Supplied material →

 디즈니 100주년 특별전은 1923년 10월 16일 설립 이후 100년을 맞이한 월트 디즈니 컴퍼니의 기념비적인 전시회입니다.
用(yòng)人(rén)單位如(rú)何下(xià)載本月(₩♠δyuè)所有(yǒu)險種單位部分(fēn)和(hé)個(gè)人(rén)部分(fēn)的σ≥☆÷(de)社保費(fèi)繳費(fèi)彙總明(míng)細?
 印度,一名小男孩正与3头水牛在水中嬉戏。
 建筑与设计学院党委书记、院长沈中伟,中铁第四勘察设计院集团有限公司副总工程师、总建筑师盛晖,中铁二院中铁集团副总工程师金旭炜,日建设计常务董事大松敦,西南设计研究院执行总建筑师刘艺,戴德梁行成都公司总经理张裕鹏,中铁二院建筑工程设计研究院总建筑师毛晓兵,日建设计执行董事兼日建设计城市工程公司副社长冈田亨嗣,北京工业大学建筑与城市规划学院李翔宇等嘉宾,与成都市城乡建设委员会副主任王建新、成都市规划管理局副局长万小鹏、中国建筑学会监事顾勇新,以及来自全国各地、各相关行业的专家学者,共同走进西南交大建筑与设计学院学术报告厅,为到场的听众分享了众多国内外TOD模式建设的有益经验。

Exercise →
Would you write out the data exactly as it reads?

Reply to the task →
 디즈니 100주년 특별전은 1923년 10월 16일 설립 이후 100년을 맞이한 월트 디즈니 컴퍼니의 기념비적인 전시회입니다.
用(yòng)人(rén)單位如(rú)何下(xià)載本月(₩♠δyuè)所有(yǒu)險種單位部分(fēn)和(hé)個(gè)人(rén)部分(fēn)的σ≥☆÷(de)社保費(fèi)繳費(fèi)彙總明(míng)細?
 印度,一名小男孩正与3头水牛在水中嬉戏。
 建筑与设计学院党委书记、院长沈中伟,中铁第四勘察设计院集团有限公司副总工程师、总建筑师盛晖,中铁二院中铁集团副总工程师金旭炜,日建设计常务董事大松敦,西南设计研究院执行总建筑师刘艺,戴德梁行成都公司总经理张裕鹏,中铁二院建筑工程设计研究院总建筑师毛晓兵,日建设计执行董事兼日建设计城市工程公司副社长冈田亨嗣,北京工业大学建筑与城市规划学院李翔宇等嘉宾,与成都市城乡建设委员会副主任王建新、成都市规划管理局副局长万小鹏、中国建筑学会监事顾勇新,以及来自全国各地、各相关行业的专家学者,共同走进西南交大建筑与设计学院学术报告厅,为到场的听众分享了众多国内外TOD模式建设的有益经验。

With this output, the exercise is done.